Data provided:
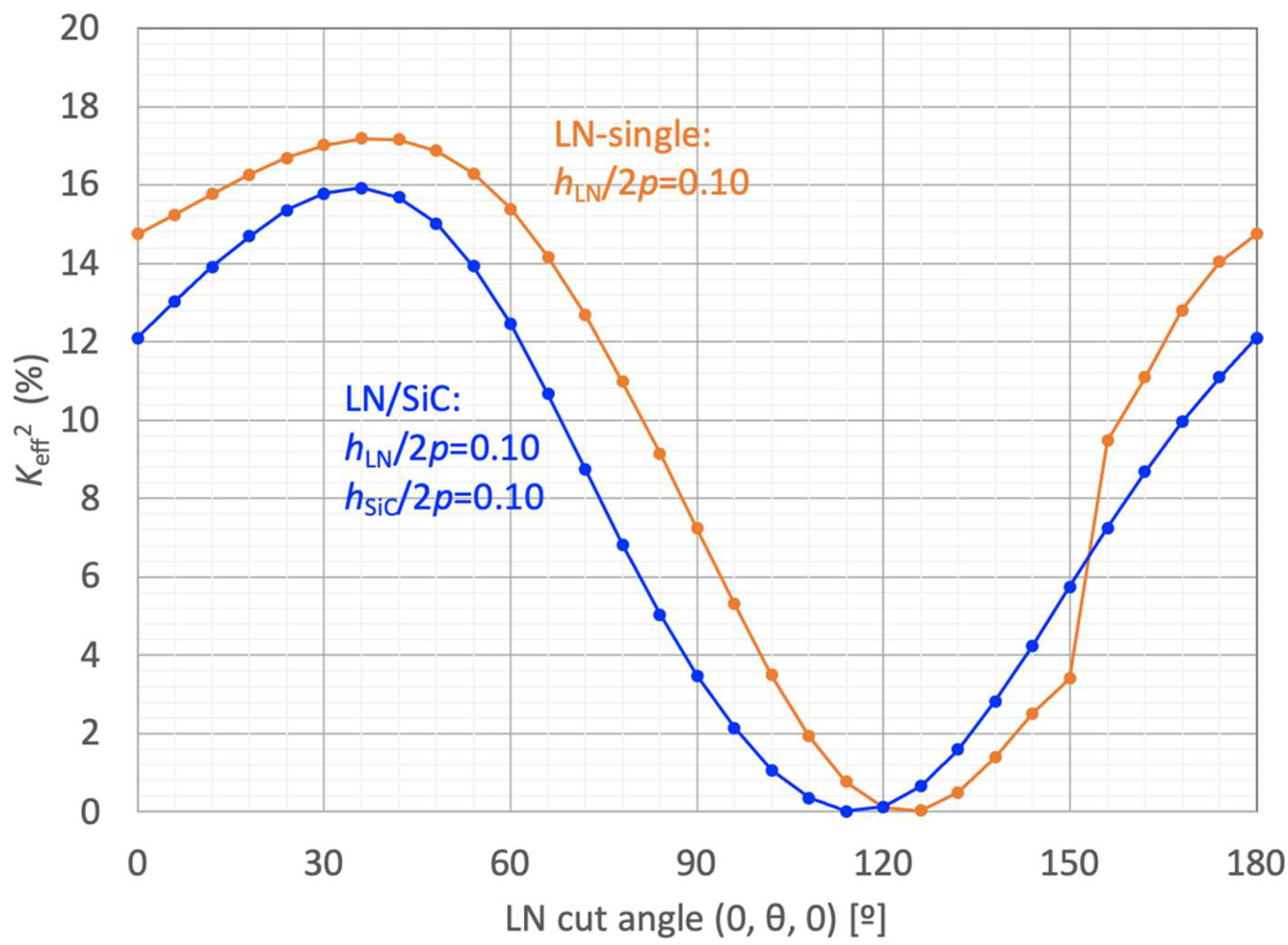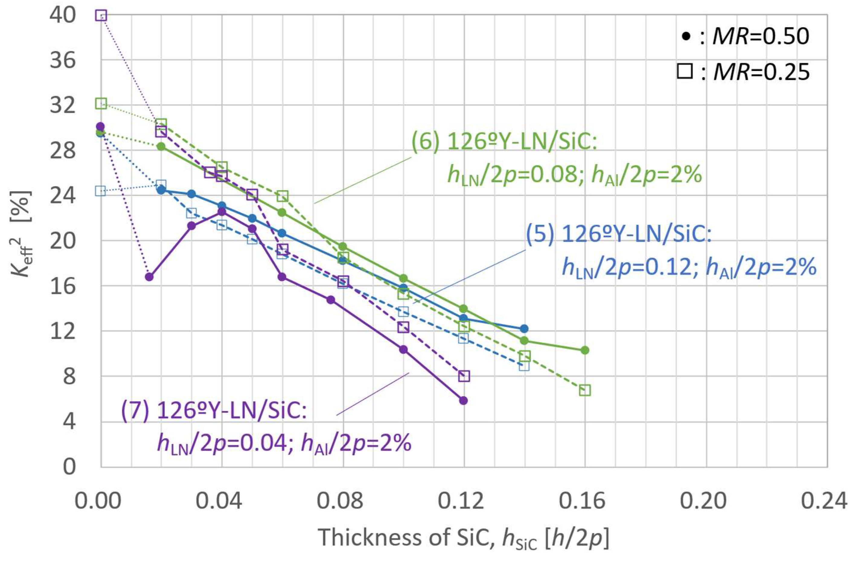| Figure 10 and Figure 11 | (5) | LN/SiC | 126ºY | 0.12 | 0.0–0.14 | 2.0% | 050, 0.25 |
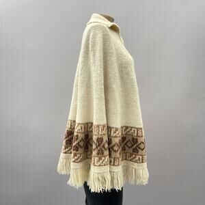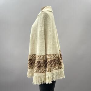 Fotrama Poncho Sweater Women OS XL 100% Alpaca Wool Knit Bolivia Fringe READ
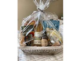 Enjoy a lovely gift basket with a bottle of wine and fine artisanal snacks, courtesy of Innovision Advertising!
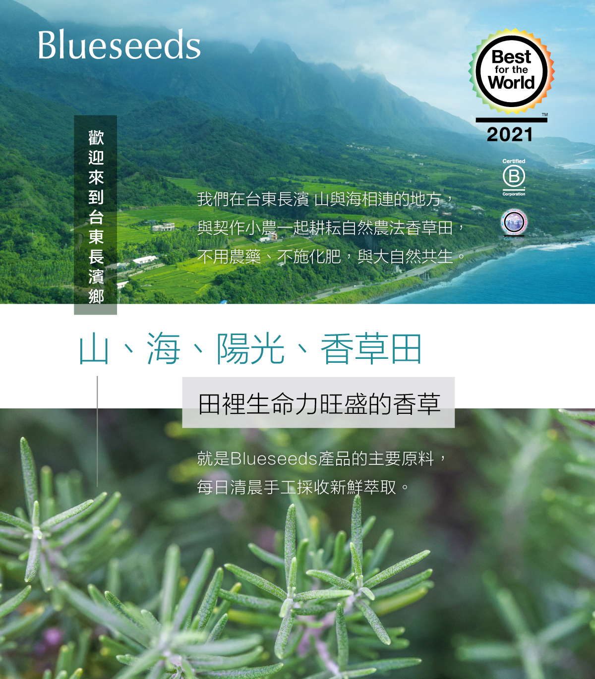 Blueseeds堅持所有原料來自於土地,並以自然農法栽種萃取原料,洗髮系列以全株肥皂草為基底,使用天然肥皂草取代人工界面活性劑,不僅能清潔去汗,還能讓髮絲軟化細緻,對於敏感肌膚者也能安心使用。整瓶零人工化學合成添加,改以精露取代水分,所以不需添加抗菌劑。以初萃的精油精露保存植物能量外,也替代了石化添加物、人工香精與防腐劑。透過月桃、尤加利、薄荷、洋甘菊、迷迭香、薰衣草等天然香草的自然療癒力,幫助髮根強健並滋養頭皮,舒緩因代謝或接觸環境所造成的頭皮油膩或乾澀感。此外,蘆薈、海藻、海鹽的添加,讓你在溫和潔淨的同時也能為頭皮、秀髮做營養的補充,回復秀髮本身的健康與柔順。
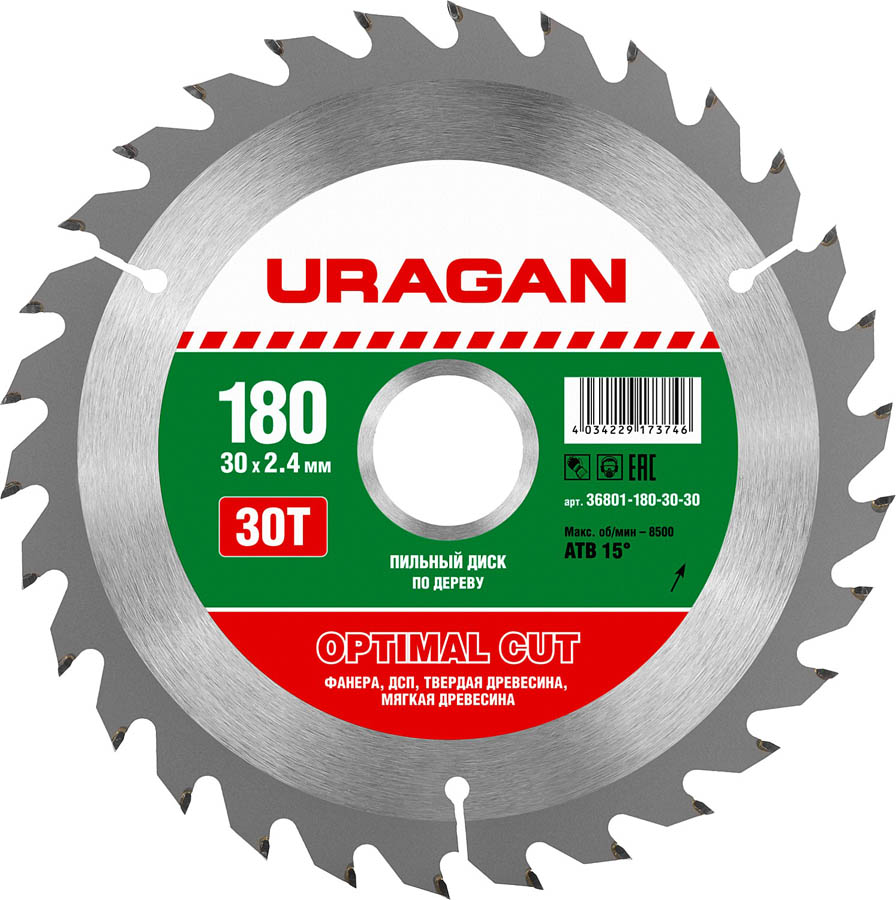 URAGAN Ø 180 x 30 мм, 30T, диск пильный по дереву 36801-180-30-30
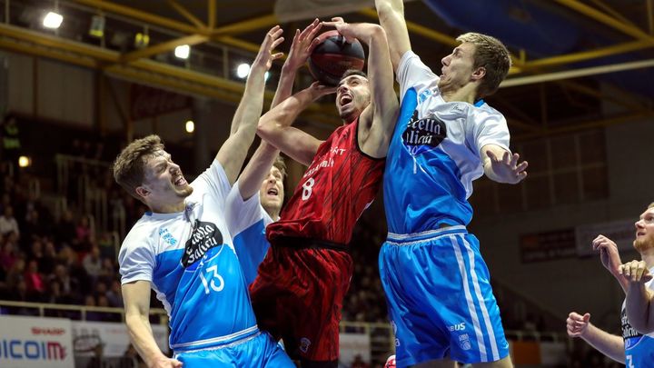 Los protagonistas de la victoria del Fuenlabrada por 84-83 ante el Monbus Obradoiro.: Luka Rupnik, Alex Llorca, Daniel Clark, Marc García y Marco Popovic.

Your assignment: The data above holds the lines to copy: start at the one with "Fotrama Poncho Sweater", stop at the one with "Enjoy a lovely", include both, copy them exactly without pictures, and copy nothing else.

Result of the exercise:
 Fotrama Poncho Sweater Women OS XL 100% Alpaca Wool Knit Bolivia Fringe READ
 Enjoy a lovely gift basket with a bottle of wine and fine artisanal snacks, courtesy of Innovision Advertising!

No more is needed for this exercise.